====== Supplied material ======

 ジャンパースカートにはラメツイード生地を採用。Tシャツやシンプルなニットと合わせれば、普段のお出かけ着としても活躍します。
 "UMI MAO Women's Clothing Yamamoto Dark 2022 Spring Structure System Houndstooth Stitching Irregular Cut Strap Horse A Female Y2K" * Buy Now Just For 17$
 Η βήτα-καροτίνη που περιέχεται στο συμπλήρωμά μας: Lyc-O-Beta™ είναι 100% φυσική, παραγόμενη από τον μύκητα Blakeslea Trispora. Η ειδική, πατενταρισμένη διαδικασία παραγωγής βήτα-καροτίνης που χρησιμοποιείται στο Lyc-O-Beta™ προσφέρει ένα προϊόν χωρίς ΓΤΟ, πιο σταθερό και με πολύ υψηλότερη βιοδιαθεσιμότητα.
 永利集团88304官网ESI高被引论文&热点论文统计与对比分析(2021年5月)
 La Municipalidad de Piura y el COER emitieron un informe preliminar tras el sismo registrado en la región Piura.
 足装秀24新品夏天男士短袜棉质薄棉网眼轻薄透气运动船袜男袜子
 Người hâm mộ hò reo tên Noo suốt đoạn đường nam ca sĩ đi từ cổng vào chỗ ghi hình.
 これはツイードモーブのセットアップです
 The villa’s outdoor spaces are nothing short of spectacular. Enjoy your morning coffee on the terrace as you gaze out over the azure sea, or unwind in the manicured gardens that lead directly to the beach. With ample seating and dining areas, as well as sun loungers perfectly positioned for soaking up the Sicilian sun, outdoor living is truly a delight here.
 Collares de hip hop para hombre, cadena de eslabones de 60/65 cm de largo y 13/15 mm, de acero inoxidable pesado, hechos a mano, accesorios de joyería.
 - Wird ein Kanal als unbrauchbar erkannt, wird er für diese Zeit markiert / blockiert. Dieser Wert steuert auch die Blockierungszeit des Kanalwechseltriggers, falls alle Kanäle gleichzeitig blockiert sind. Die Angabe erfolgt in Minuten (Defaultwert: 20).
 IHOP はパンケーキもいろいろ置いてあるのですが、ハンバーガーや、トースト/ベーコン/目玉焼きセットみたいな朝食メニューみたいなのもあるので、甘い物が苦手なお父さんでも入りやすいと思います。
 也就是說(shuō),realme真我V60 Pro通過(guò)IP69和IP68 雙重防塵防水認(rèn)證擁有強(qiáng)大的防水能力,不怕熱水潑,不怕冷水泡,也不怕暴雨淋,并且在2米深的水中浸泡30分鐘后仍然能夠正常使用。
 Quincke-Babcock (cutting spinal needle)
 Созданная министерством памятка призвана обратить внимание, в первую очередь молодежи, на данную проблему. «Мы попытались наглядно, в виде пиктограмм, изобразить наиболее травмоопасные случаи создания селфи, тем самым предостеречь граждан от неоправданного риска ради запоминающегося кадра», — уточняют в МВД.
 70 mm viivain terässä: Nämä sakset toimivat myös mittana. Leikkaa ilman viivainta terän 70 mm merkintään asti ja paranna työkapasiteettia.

======

§ Problem
The first line of the records and every line down to the line with "Quincke-Babcock (cutting spinal needle)" must be quoted exactly; leave out all else.

§ Output below
 ジャンパースカートにはラメツイード生地を採用。Tシャツやシンプルなニットと合わせれば、普段のお出かけ着としても活躍します。
 "UMI MAO Women's Clothing Yamamoto Dark 2022 Spring Structure System Houndstooth Stitching Irregular Cut Strap Horse A Female Y2K" * Buy Now Just For 17$
 Η βήτα-καροτίνη που περιέχεται στο συμπλήρωμά μας: Lyc-O-Beta™ είναι 100% φυσική, παραγόμενη από τον μύκητα Blakeslea Trispora. Η ειδική, πατενταρισμένη διαδικασία παραγωγής βήτα-καροτίνης που χρησιμοποιείται στο Lyc-O-Beta™ προσφέρει ένα προϊόν χωρίς ΓΤΟ, πιο σταθερό και με πολύ υψηλότερη βιοδιαθεσιμότητα.
 永利集团88304官网ESI高被引论文&热点论文统计与对比分析(2021年5月)
 La Municipalidad de Piura y el COER emitieron un informe preliminar tras el sismo registrado en la región Piura.
 足装秀24新品夏天男士短袜棉质薄棉网眼轻薄透气运动船袜男袜子
 Người hâm mộ hò reo tên Noo suốt đoạn đường nam ca sĩ đi từ cổng vào chỗ ghi hình.
 これはツイードモーブのセットアップです
 The villa’s outdoor spaces are nothing short of spectacular. Enjoy your morning coffee on the terrace as you gaze out over the azure sea, or unwind in the manicured gardens that lead directly to the beach. With ample seating and dining areas, as well as sun loungers perfectly positioned for soaking up the Sicilian sun, outdoor living is truly a delight here.
 Collares de hip hop para hombre, cadena de eslabones de 60/65 cm de largo y 13/15 mm, de acero inoxidable pesado, hechos a mano, accesorios de joyería.
 - Wird ein Kanal als unbrauchbar erkannt, wird er für diese Zeit markiert / blockiert. Dieser Wert steuert auch die Blockierungszeit des Kanalwechseltriggers, falls alle Kanäle gleichzeitig blockiert sind. Die Angabe erfolgt in Minuten (Defaultwert: 20).
 IHOP はパンケーキもいろいろ置いてあるのですが、ハンバーガーや、トースト/ベーコン/目玉焼きセットみたいな朝食メニューみたいなのもあるので、甘い物が苦手なお父さんでも入りやすいと思います。
 也就是說(shuō),realme真我V60 Pro通過(guò)IP69和IP68 雙重防塵防水認(rèn)證擁有強(qiáng)大的防水能力,不怕熱水潑,不怕冷水泡,也不怕暴雨淋,并且在2米深的水中浸泡30分鐘后仍然能夠正常使用。
 Quincke-Babcock (cutting spinal needle)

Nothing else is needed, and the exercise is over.